Jaksprat, that was me... Thanks for sharing your families concern for out safty. Dude it happened so fast I had no idea what had happened. Thought at first we hit a log or something. New it was solid as heck. I just new when I trimed the engines up the lower units would be gone. Had my wife twodaugthers and threeneices on board. After making sure all were safe and not taking on water the rest of the day was great, otherthan one sea sick 9yo. As I said in earlier post damage a lot worst than initial inspection. Can see cracks inside rear compartment. Not as to the marking issue. I am a seasoned boater and thought I had done my homework. Oviously not. All wreck that are possible hazards in my home waters are marked with a pole and red marker with the letters W R E C K on it.The marker is on the hazard not 100 or 200 yards away. We have two major shiping channels here inPascagoula. Most major ships travel in the channel no parralell to it. I all way talk about local knowledge, yes is goes a long way.... Guy there are two type of boaters, those who have hade an incident and those who will...... SAFE BOATING TO ALL. Now I gotta get this rig fixed so I can get back on the fish


----------



## Chris Couture (Sep 26, 2007)

Glad everyone is safe!!!



The marker used to be a lot closer to the wreck but I think it was Hurricanes Erin and Opel that moved it. It's always a good plan to wiggle east a little bit anyway before hitting the pass because there is some shallow water areas that can cause the waves to build and make it rough getting across. I'm not saying go as far as the last buoy but don't hug the shore if you are coming from the west... That's always been what I've done...


----------



## Slamtastic (Dec 29, 2007)

Nat, I'm running a 26cc Century with twin 200hpdi


----------



## Chuck's Charters (Oct 3, 2007)

someone on one of my charters this year said some of the practiceartillery used on the Mass. was fired from a location on Pace Blvd.


----------



## fred (Dec 28, 2008)

I'm curious, what chart is supposed to have an NTM? I don't see one on 11382, 11383, or 11384.

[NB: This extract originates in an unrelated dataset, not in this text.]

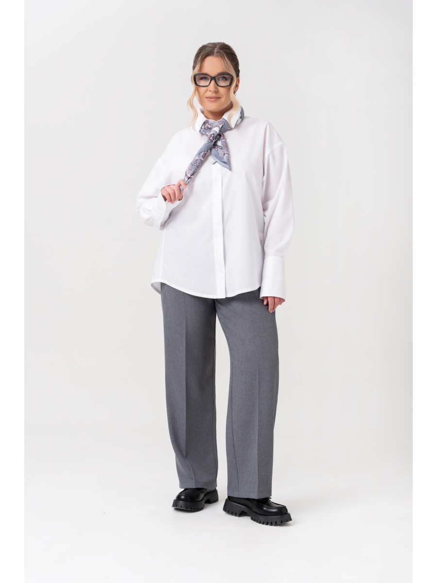 Рубашка оверсайз представляет собой универсальный выбор для современной женщины. Созданная из комфортного материала, эта рубашка обеспечивает идеальное сочетание стиля и удобства. Она отличается свободным кроем и посадкой, что делает её идеальным выбором для повседневного ношения, офисной работы или даже вечеринки. Отлично подходит работникам школы. Рубашка оснащена пуговицами и петлями для застегивания, что обеспечивает удобство в надевании и снятии. На рубашке обработаны воротник и манжеты. Спинка с кокеткой и встречной складкой. Отсутствие декоративных элементов делает её универсальной и подходящей для любого стиля. Гладкая фактура материала и длинные рукава добавляют элегантности и изысканности. Благодаря своему универсальному назначению, эта рубашка подходит как для офисного стиля,  так и для повседневного ношения, и в том числе на выход. Её однотонная структура и бескарманная конструкция делают рубашку идеальным выбором для тех, кто ценит простоту и стиль.
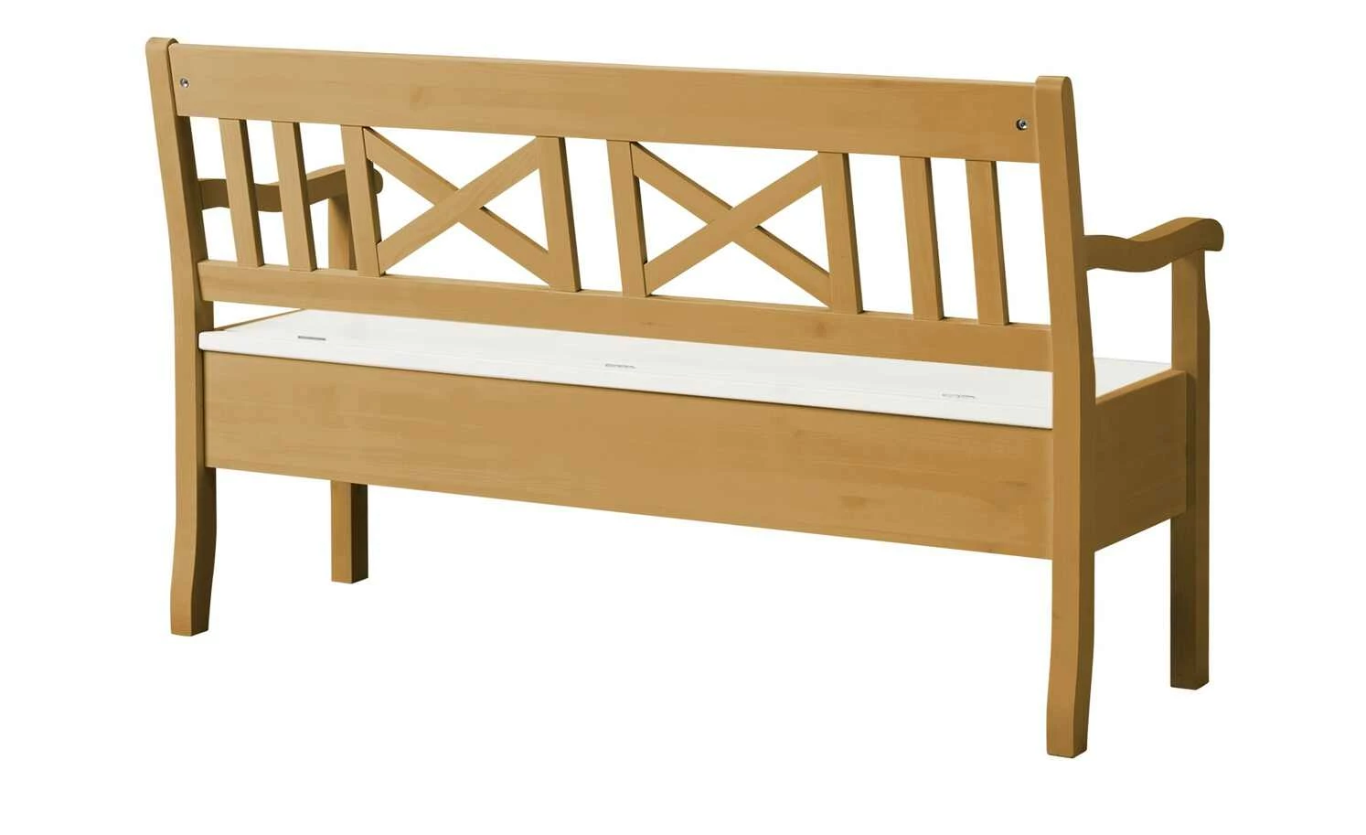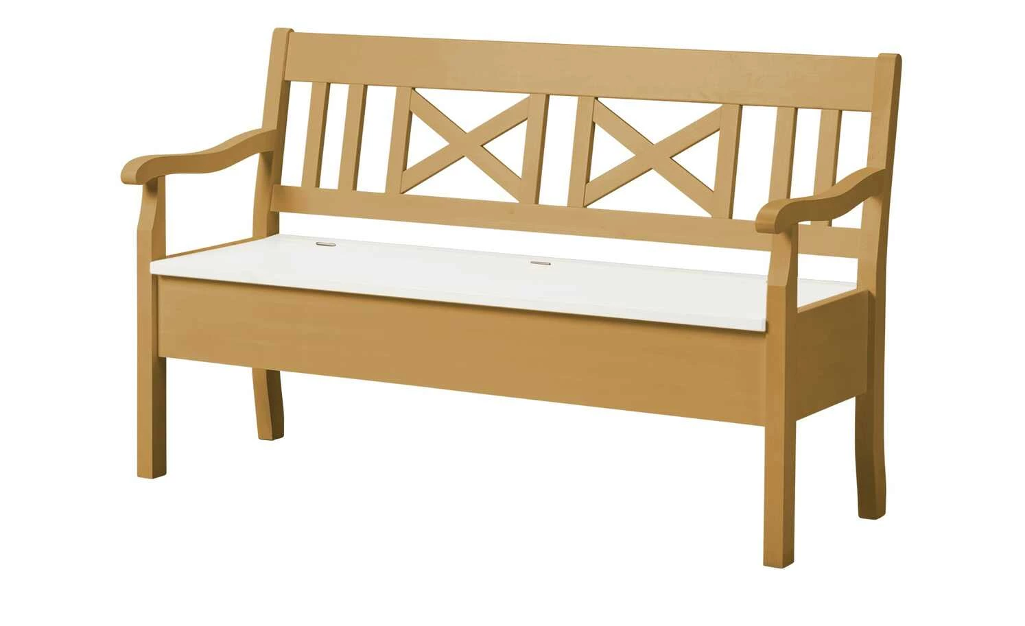 Die Sitzbank Florian macht in Ihrem Ess- oder Wohnzimmer oder sogar in der Küche eine gute Figur. Florian besteht aus massiver Kiefer, die gebeizt und lackiert oder geölt wurde. Trotz des Lacks ist die Maserung des Holzes gut erkennbar, was die Sitzbank natürlich wirken lässt. Die Bank ist im Landhausstil gehalten und passt sehr gut zu den anderen Modellen der Serie Florian. Besonders praktisch ist der große Stauraum unter der Sitzfläche. Entscheiden Sie sich zwischen einem rustikalen Design Ton in Ton, oder dem kontrastreichen Design mit farblich abgesetzter Sitzfläche.

The Charts do show the Mass "awash at MLLW" and the buoy about750 feet south.

Edit: OK, I'm figuring this out. The chart notes are the NTM, the ones with the circles are just the <U>*changed*</U> NTMs.


----------



## angus_cow_doctor (Apr 13, 2009)

I have a novel idea!

Why don't we get some divers to go down there and tie a great big chain off to the wreck itself. We can attach the other end to a big metal fuel tank that we can paint bright yellow and put reflective tape on it.

Surely we can solve this ourselves if we put our collective minds to it. I have never had much luck getting the government to do anything to fix problems.


----------



## FLfishR (Oct 3, 2007)

> *Tuna Man (7/12/2009)*If it was in fact sunk then used for target practice, it most likely at one point in time stuck out of the water.


It did stick out of the water for years.


----------



## P-cola_Native (Feb 5, 2008)

Make sure youstay south of the fairwell bouy on the west side of the pass, and always come into the pass on the east side of the bouy line. You should never drive anywere near it.


----------



## Eastern Tackle (Jul 6, 2009)

The way I see it. If the coast guard is responsible for marking hazards and they knowingly do nothing to correct a known hazard, then they are negligent. Those are always layups in court.



Just like with the rules of the road on the water. They never matter until something happens. Then you better know them, how they apply to the situation and what you were doing in accordance with them (as well as what the other person was doing to violate them). It can make a difference in whether you get to keep your house or not.


----------



## Tuna Man (Oct 2, 2007)

> *jim t (7/12/2009)*
> 
> 
> > *dockmaster (7/12/2009)*
> ...


----------



## Seachaser 186 (Apr 9, 2009)

I agree - I've wondered for a long time why the marker is so far away. Since I live here, I know about it but many people don't and it's easy to make a mistake at night or when the weather gets rough. The Coasties should be proactive about the situation instead of waiting for someone to be seriously injured or killed.


----------



## User6882 (Feb 4, 2009)

> *Quicdraw (7/12/2009)*hell dont feel bad several years ago a charter boat capt hit it, destroyed the hull


yea hes a buddy of mine.. capt skip mason


----------



## Orion45 (Jun 26, 2008)

The wreck is clearly marked on navigational charts. If you're unfamiliar with the waters, consult the latest charts. You, as the captain, are responsible for the safe operation of your vessel. Case closed!


----------



## Slamtastic (Dec 29, 2007)

Cow Doctor, I will pledge the first 100.00 to get it done. I am truly blessed my family and I made it with no injuries and repairable boat damage


----------



## Hook (Oct 2, 2007)

Another reason for mandatory safe boating course. Not for the money but for saftey. When you buy a car you need a license to prove you know the rules of the road. Why buy a boat and go outblind?:banghead


----------



## Play'N Hooky Too (Sep 29, 2007)

> *Hook (7/14/2009)*Another reason for mandatory safe boating course. Not for the money but for safety. When you buy a car you need a license to prove you know the rules of the road. Why buy a boat and go outblind?:banghead


I agree that there should be some type of boater safety requirement just likefor driving a car. 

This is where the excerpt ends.